Start of Source information

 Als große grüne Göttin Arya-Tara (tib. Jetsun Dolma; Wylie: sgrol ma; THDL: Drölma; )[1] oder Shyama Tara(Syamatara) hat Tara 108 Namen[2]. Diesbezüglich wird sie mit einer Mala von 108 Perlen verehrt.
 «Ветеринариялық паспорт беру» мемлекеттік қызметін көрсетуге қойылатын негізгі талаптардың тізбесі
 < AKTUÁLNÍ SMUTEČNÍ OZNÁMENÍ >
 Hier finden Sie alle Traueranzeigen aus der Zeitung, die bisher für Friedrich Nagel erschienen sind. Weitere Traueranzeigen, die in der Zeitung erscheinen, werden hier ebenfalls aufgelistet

End of Source information
Start of Source information

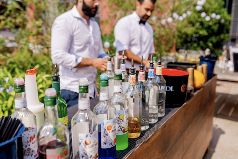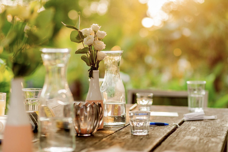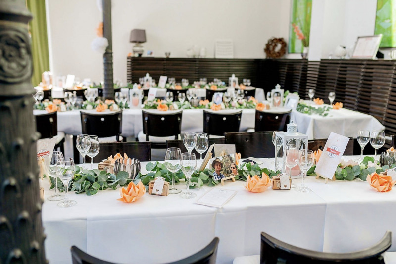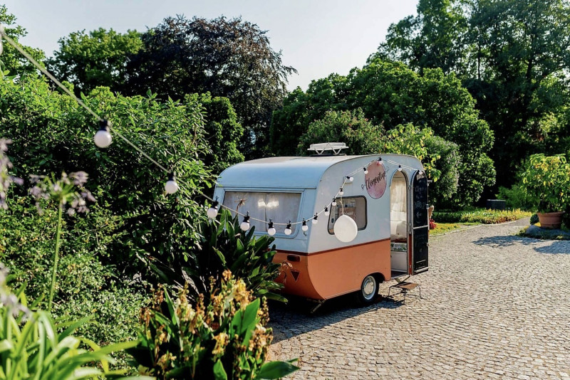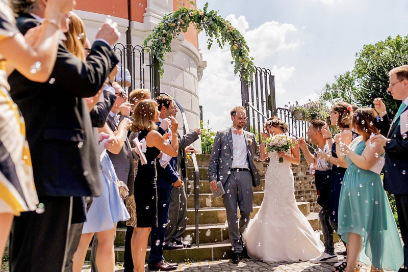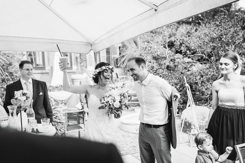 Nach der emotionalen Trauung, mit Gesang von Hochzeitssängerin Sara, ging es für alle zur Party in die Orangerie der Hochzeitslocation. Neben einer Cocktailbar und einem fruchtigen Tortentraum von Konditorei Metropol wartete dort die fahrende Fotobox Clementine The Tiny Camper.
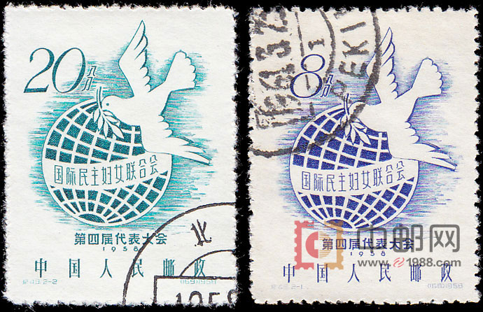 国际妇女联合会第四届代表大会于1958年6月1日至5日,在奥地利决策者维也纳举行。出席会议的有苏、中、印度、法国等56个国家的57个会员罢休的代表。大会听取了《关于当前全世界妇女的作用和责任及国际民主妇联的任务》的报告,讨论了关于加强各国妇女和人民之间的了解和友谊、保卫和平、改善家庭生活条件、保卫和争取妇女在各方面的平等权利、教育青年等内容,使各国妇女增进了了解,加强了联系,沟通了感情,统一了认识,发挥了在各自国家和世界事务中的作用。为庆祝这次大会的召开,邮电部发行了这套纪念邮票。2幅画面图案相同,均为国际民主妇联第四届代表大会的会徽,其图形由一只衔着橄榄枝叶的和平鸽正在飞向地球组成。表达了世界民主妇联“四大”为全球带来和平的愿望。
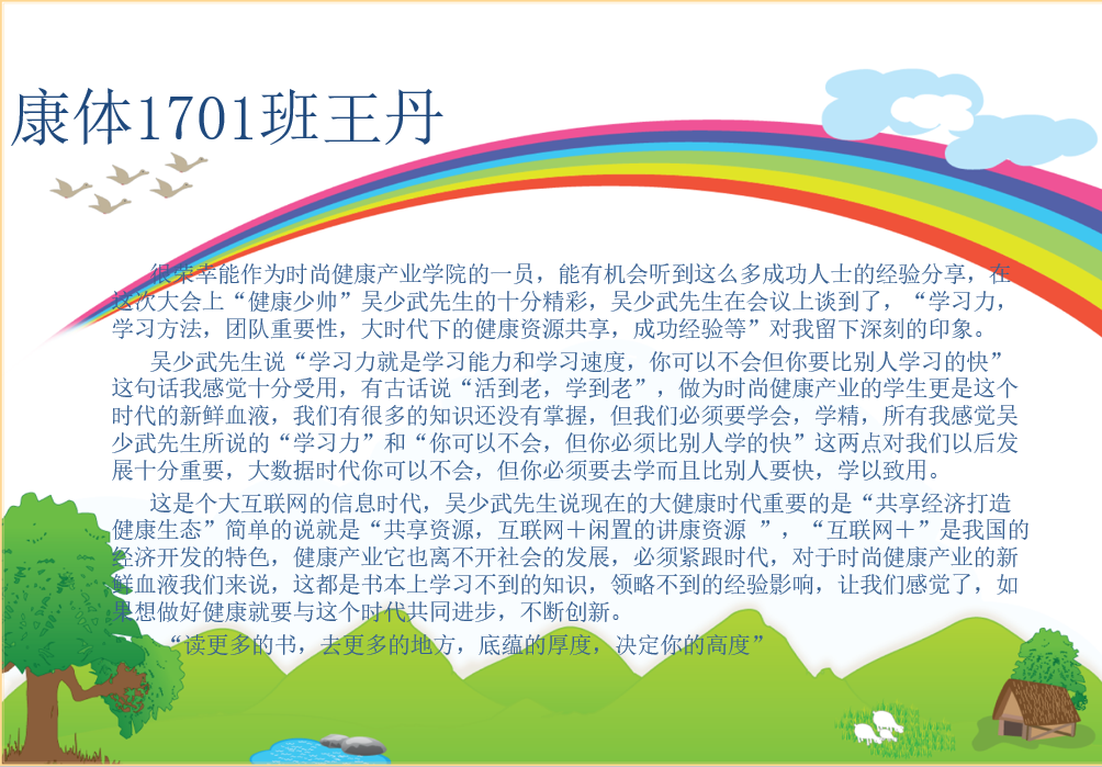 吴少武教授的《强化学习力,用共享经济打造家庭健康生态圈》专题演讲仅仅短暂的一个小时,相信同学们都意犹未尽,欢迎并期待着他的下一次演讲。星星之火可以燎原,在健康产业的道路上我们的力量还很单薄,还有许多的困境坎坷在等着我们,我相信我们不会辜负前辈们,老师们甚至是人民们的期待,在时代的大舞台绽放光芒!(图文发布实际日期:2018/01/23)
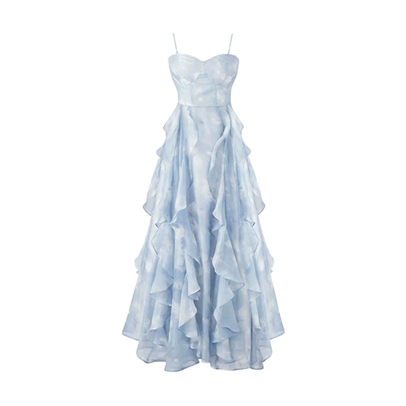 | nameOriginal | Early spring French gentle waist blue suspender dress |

End of Source information

• **Description of the task**
Work from the entries above. Set down exactly and only the lines from the line with "吴少武教授的《强化学习力,用" to the line with "suspender dress |", both included, and leave the pictures out.

• **Your response**
 吴少武教授的《强化学习力,用共享经济打造家庭健康生态圈》专题演讲仅仅短暂的一个小时,相信同学们都意犹未尽,欢迎并期待着他的下一次演讲。星星之火可以燎原,在健康产业的道路上我们的力量还很单薄,还有许多的困境坎坷在等着我们,我相信我们不会辜负前辈们,老师们甚至是人民们的期待,在时代的大舞台绽放光芒!(图文发布实际日期:2018/01/23)
 | nameOriginal | Early spring French gentle waist blue suspender dress |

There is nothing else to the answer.